Here's one of the reasons why he's wrong.
It's Not About the Money
Alex looks at the shortest possible route: Long Tail → Money.
In that view only massive traffic (Amazon) makes a buck.
Point is, you don't sell to the long tail -- you leverage the long tail for SEO.
Reinforcing Page Themes with the Long Tail
Every long tail post adds keywords, key phrases, to the main site. It's the basic pattern of reinforcing the meaning of a page, category or whole web site.
If you can make a sale of a long tail post, fine -- but the real goal is making big bucks on your main page or main site.
Simplified Long Tail Keyword Reinforcement
Just as every long tail Amazon hit reinforces Amazon as the site for books, so every long tail hit on your blog should reinforce your site as the site for widgets.
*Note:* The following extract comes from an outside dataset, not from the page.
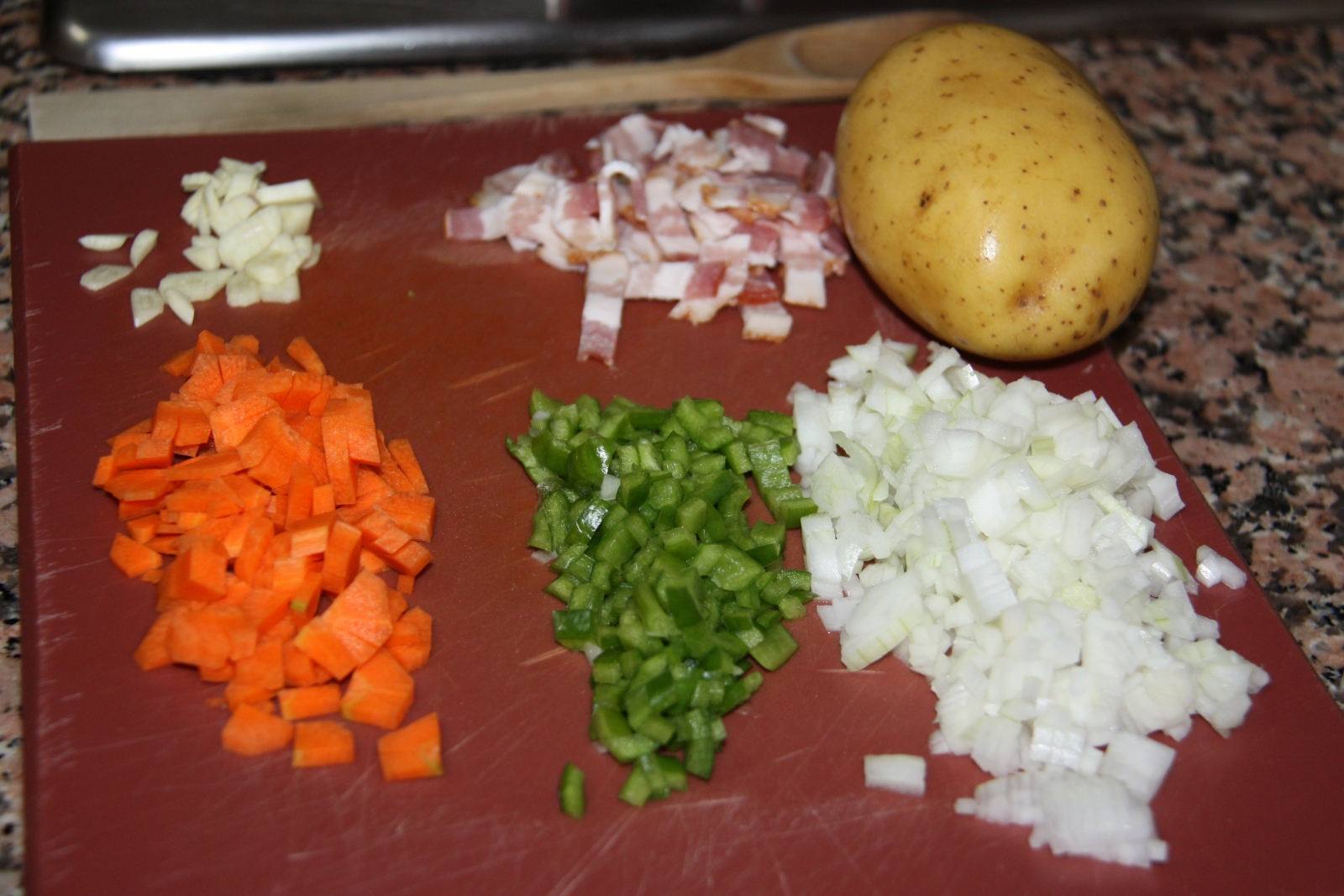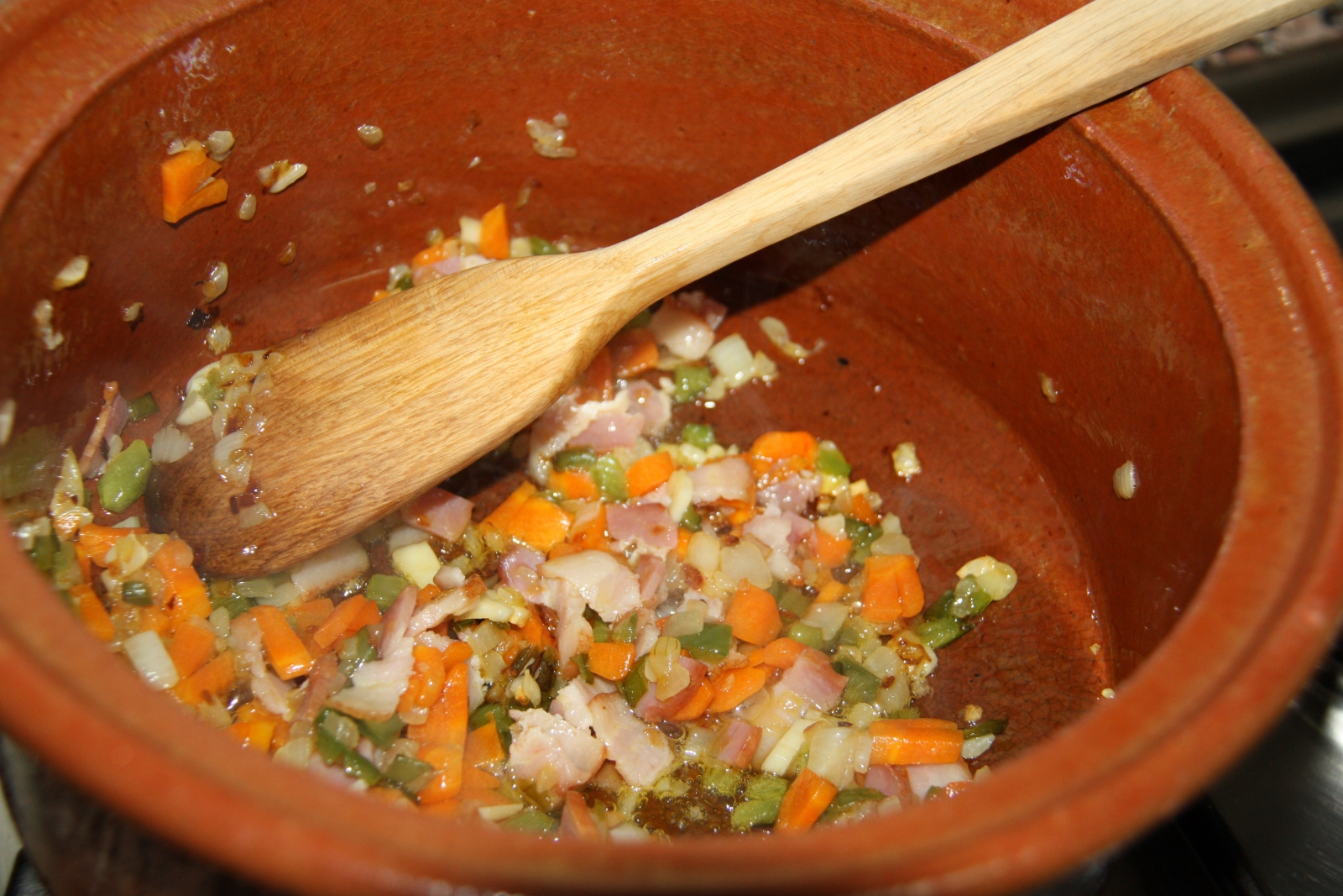 Posem una cassola al foc amb una mica d’oli d’oliva. Trinxem la ceba i la posem a la cassola que es vagi sofregint poc a poc. Quan estigui transparent, afegim el primentó verd, la carlota i l’all. Quan aquestes verdures estiguin sofregides, afegim la cansalda i després una cullerada de tomàquet triturat.

Or: "How Matt Cutts Puts It"
So I'll give you a quick example: we always say, don't just chase after a trophy phrase. There are so many people who think if I ranked number one for my trophy phase I win or my life will be good. When, in fact, numerous people demonstrated that if you chase after the long tail and make a good site that can match many, many different users' queries you might end up with more traffic than if you had that trophy phrase.
So already the smart SEO, looking down the road, sees that it's not just the head of the tail, it's the long part of the tail.
With personalization and the changes in how SEO will work, that will just push people further along that spectrum, towards looking at "it's not just a number one result for one query", it's "How do we make it across a lot of queries?"